Return the following from the records below: each line, word for word, starting with the line that contains "Одесский режиссер стала" and going on through the line that contains "NICKY/RYAN, ROMA | |", with nothing outside that range.

• SOURCE INFORMATION:

┌────────

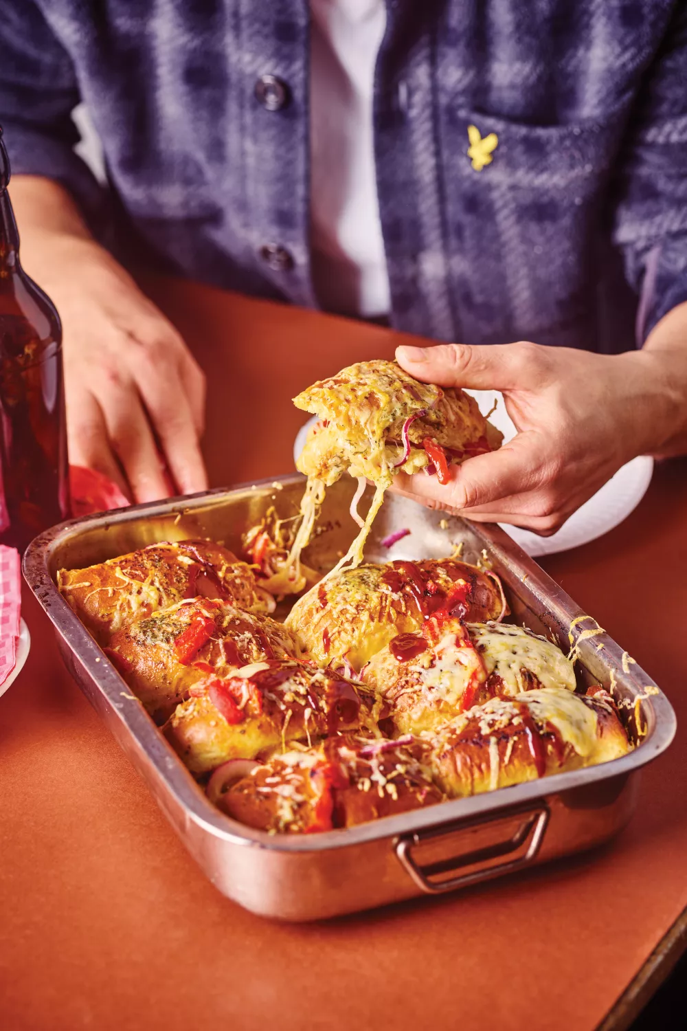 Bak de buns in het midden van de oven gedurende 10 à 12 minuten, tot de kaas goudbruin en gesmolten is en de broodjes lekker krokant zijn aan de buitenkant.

└────────
┌────────

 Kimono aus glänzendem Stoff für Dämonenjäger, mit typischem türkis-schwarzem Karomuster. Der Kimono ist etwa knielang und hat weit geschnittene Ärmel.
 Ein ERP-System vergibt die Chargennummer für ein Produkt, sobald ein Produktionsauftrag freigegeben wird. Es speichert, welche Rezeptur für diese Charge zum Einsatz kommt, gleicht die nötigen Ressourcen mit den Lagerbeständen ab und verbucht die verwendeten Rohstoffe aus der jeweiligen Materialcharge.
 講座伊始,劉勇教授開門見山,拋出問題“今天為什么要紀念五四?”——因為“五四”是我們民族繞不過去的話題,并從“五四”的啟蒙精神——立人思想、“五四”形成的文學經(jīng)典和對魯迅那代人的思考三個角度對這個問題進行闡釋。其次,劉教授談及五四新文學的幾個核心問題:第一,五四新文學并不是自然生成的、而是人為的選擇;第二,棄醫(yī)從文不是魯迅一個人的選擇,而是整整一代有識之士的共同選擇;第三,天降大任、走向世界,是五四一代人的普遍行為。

└────────
┌────────

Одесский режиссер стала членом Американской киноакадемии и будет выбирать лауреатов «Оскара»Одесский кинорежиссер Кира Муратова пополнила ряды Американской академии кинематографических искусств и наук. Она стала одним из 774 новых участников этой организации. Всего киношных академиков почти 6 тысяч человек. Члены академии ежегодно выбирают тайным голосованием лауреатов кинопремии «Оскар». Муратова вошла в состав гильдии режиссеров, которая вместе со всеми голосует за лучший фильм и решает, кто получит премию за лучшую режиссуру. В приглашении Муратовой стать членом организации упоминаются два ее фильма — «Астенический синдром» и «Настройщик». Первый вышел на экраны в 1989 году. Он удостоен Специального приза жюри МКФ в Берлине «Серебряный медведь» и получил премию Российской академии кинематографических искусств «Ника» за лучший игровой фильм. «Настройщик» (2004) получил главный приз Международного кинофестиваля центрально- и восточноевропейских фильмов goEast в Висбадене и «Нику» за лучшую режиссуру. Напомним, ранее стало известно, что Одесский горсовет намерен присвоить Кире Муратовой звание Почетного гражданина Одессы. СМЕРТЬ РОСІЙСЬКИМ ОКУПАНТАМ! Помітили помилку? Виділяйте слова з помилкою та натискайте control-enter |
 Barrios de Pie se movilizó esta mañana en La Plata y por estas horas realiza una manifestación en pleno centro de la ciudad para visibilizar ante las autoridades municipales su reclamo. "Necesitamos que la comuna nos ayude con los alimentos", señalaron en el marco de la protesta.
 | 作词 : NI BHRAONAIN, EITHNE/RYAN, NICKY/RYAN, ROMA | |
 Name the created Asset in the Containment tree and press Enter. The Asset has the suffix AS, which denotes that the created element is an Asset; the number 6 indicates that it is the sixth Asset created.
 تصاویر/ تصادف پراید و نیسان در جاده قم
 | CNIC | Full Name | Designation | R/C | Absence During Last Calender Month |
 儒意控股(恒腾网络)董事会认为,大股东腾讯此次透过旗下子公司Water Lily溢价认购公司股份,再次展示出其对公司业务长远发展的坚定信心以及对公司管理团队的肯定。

└────────

• RESULT OF THIS TASK:
Одесский режиссер стала членом Американской киноакадемии и будет выбирать лауреатов «Оскара»Одесский кинорежиссер Кира Муратова пополнила ряды Американской академии кинематографических искусств и наук. Она стала одним из 774 новых участников этой организации. Всего киношных академиков почти 6 тысяч человек. Члены академии ежегодно выбирают тайным голосованием лауреатов кинопремии «Оскар». Муратова вошла в состав гильдии режиссеров, которая вместе со всеми голосует за лучший фильм и решает, кто получит премию за лучшую режиссуру. В приглашении Муратовой стать членом организации упоминаются два ее фильма — «Астенический синдром» и «Настройщик». Первый вышел на экраны в 1989 году. Он удостоен Специального приза жюри МКФ в Берлине «Серебряный медведь» и получил премию Российской академии кинематографических искусств «Ника» за лучший игровой фильм. «Настройщик» (2004) получил главный приз Международного кинофестиваля центрально- и восточноевропейских фильмов goEast в Висбадене и «Нику» за лучшую режиссуру. Напомним, ранее стало известно, что Одесский горсовет намерен присвоить Кире Муратовой звание Почетного гражданина Одессы. СМЕРТЬ РОСІЙСЬКИМ ОКУПАНТАМ! Помітили помилку? Виділяйте слова з помилкою та натискайте control-enter |
 Barrios de Pie se movilizó esta mañana en La Plata y por estas horas realiza una manifestación en pleno centro de la ciudad para visibilizar ante las autoridades municipales su reclamo. "Necesitamos que la comuna nos ayude con los alimentos", señalaron en el marco de la protesta.
 | 作词 : NI BHRAONAIN, EITHNE/RYAN, NICKY/RYAN, ROMA | |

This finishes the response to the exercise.